The preferred embodiment of the outrigger system of the present
invention provides another substantial advantage. For not only does
the housing extend sidewardly, but the novel housing also tilts or
translates downwardly so that the float pad equipped free ends of
the beams both approach the ground more quickly and directly. This
makes it possible for the float pads to be equipped with shorter
vertical fluid-actuated cylinders than in conventional outrigger
systems. The shorter vertical cylinder not only weighs and costs
less than larger cylinders, but it also can be retracted into the
housing to maximize beam length and minimize overhang.
Another advantage of the novel outrigger system of the preferred
embodiment of the present invention is that it uses a single
hydraulic cylinder to both translate or tilt the housing and to
extend the beam.
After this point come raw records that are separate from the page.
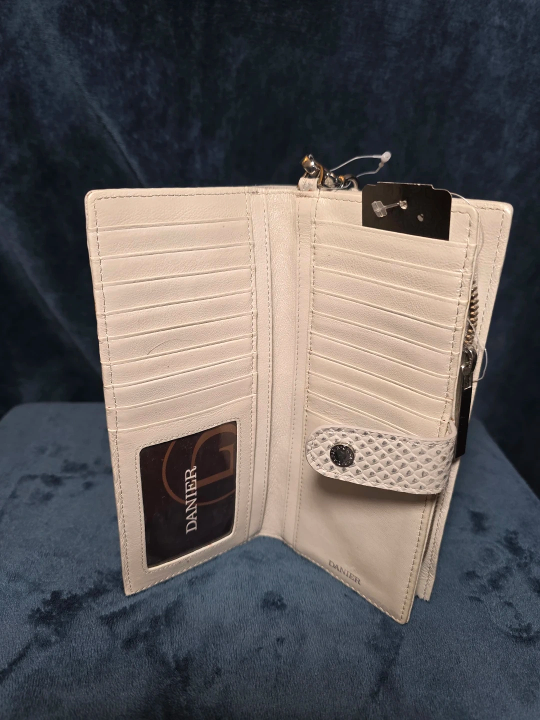 Selling a Danier wallet in a beige snakeskin pattern.GENUINE LEATHER . It's in great condition and has lots of slots for cards and cash. Perfect for keeping your essentials organized!
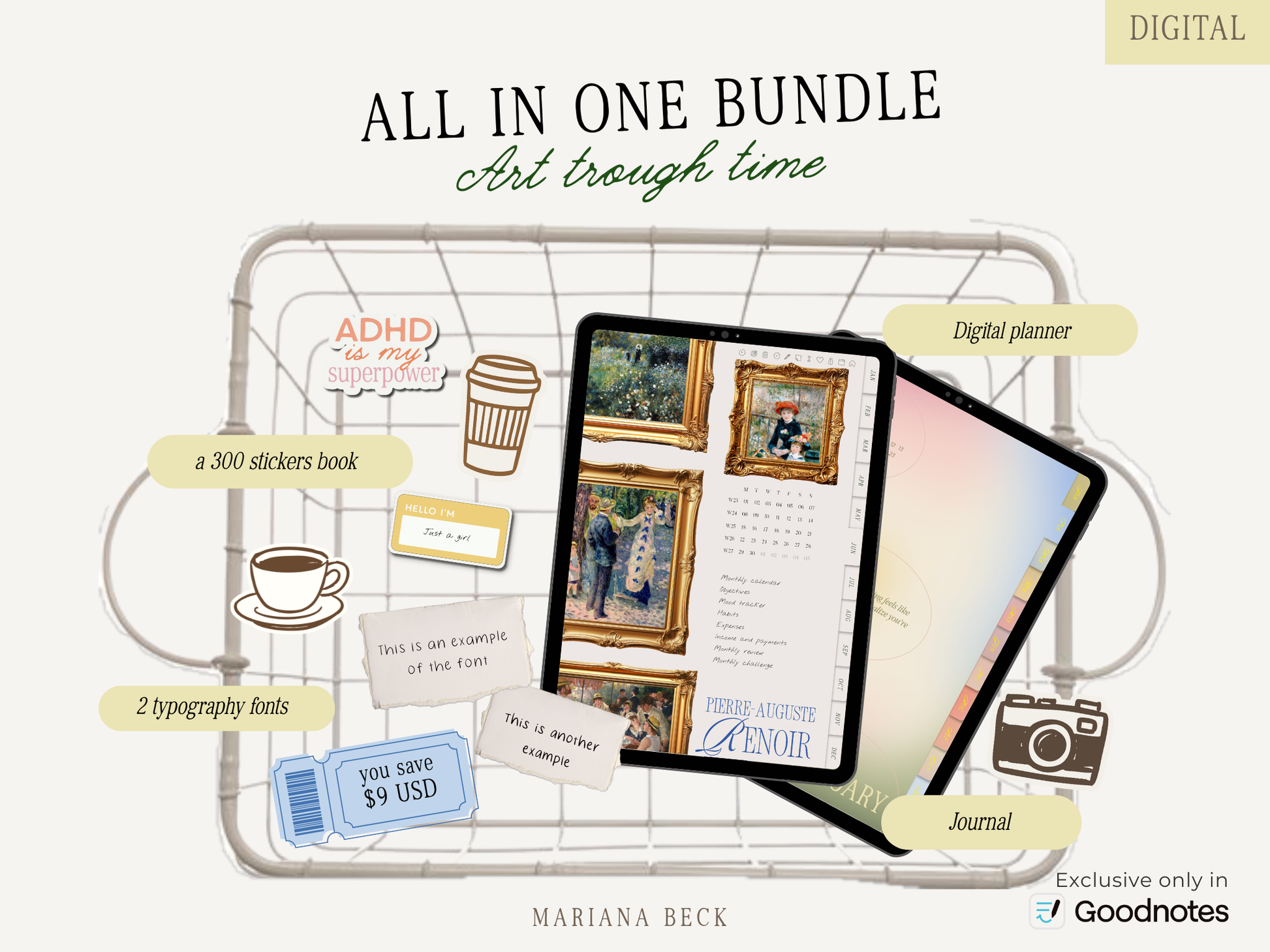 Digital planner + journal + stickers + fonts
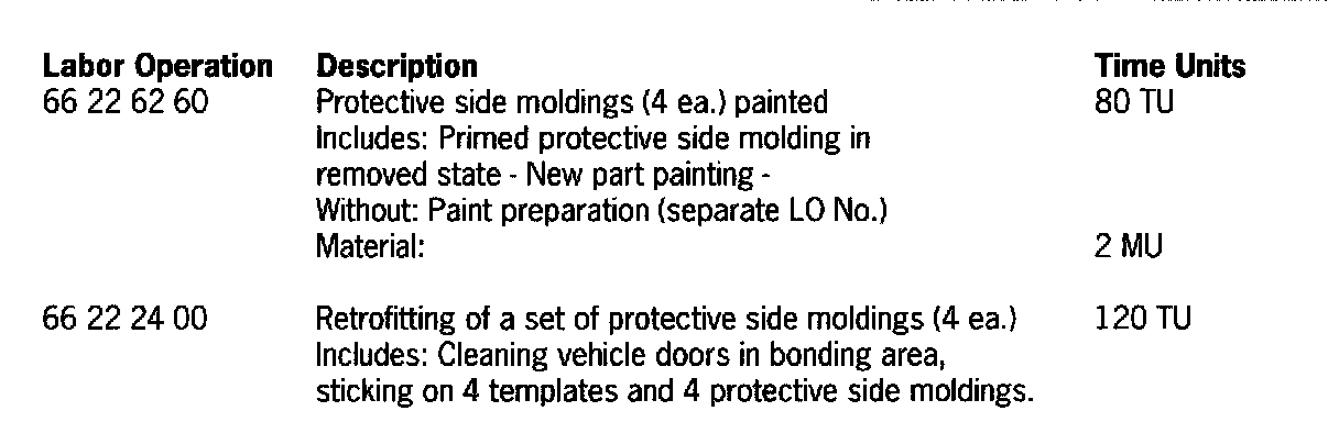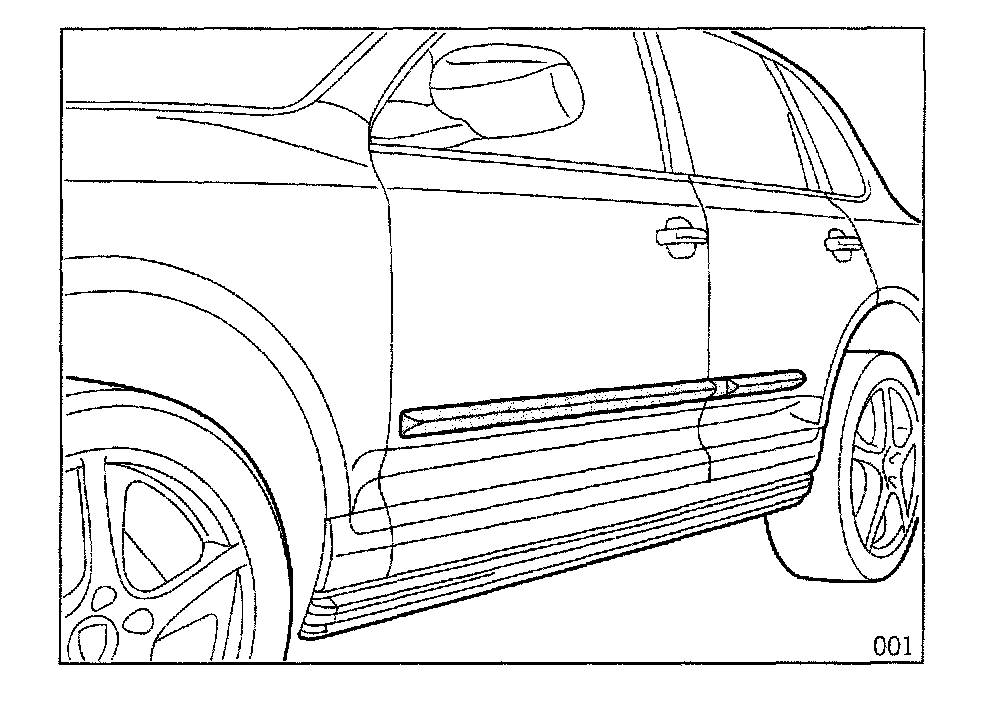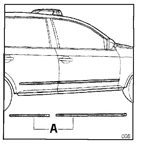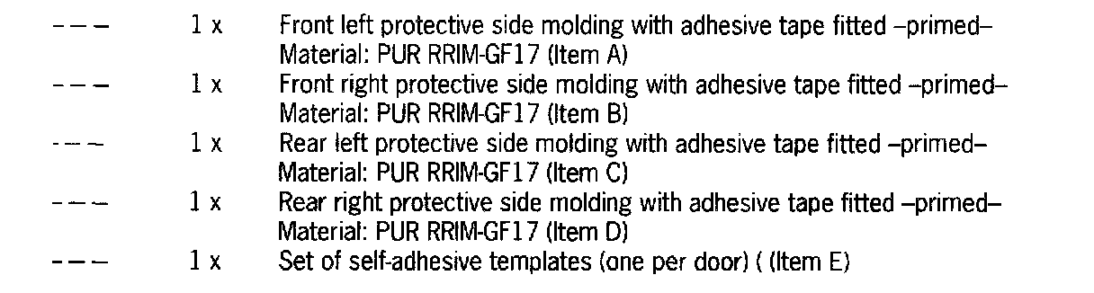 The description of retrofitting refers to the right side of the vehicle. Proceed accordingly when fitting the left protective side moldings. The door gap dimensions must be checked and, if necessary, adjusted before beginning the work. The protective moldings are generally delivered primed.
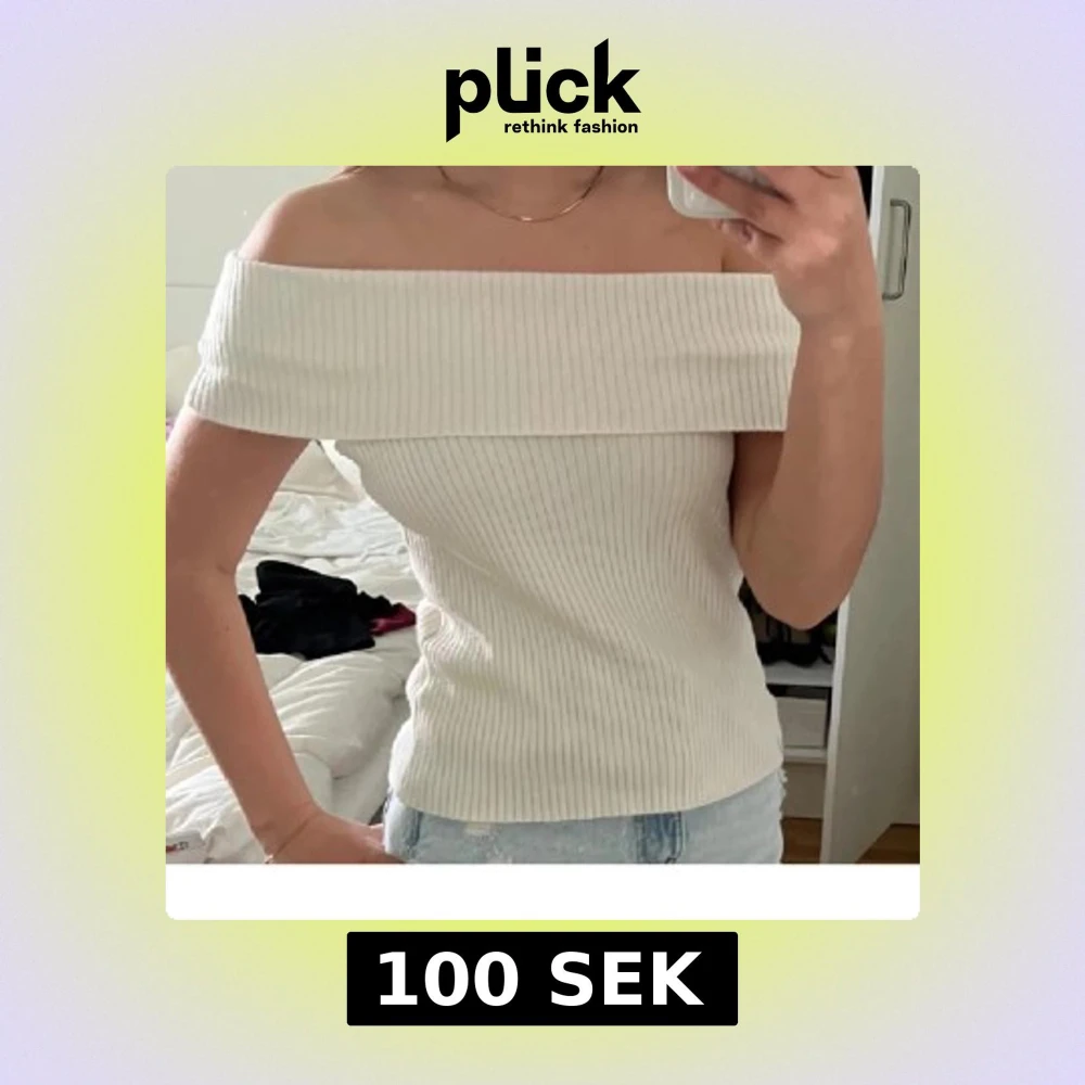 Säljer en snygg vit ribbad topp med offshoulder-design. Toppen är figurnära och har en bred kant upptill som ger en cool och modern look. Perfekt att matcha med jeans eller kjol för en trendig outfit.
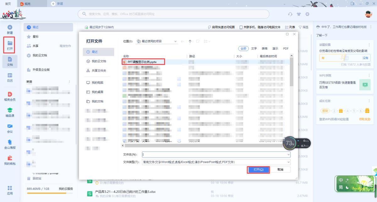 第一步,在电脑的桌面上找到WPS程序,然后双击打开,接着将需要进行处理的PPT文档也同时打开。
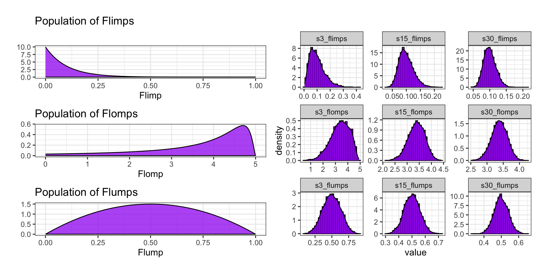 Flimps, flomps, and flumps are [fictitious] numerical variables whose population distributions appear below and with corresponding sampling distributions to the right.

The result is a substantial weight and cost
savings over previously known outrigger systems which employ two
separate cylinders, one for each purpose.
Various other pictures, objects and advantages will be apparent
from the description to follow.
BRIEF DESCRIPTION OF THE DRAWINGS
FIG. 1 is a side view in elevation of a truck crane including front
and back outrigger assemblies constituting preferred embodiments of
the present invention;
FIG. 2 is a top view of the truck crane of FIG. 1;
FIG. 3 is an enlarged rear view of the truck crane of FIG. 1;
FIG. 4 is an enlarged rear view of the truck crane of FIG. 1 with
the outrigger assembly fully extended;
FIG. 5 is an enlarged rear elevational view partially in section of
a single arm of the rear outrigger assembly with the arms in
storage position and the cover plate removed;
FIG. 6 is a plan view taken along lines 6--6 of FIG. 5;
FIG. 7 is a plan view taken along lines 7--7 of FIG. 6;
FIG. 8 is a plan view taken along lines 8--8 of FIG. 7; and
FIG. 9 is a plan view taken along lines 9--9 of FIG. 5.
DESCRIPTION OF THE PREFERRED EMBODIMENT
In the drawings, FIGS. 1 and 2 illustrate schematically a vehicle
10 having mounted thereon on a turntable 11, and a crane boom 12
for swivelling movement on the vehicle frame 13, the frame 13 being
supported when in transit by front and rear wheels.
In addition to the turntable 11 and the boom 12, the frame carries
two outrigger systems 14 and 15 including a first outrigger system
14 positioned ahead of the front wheels of the vehicle and a second
system 15 located just behind the rearmost wheels of the vehicle.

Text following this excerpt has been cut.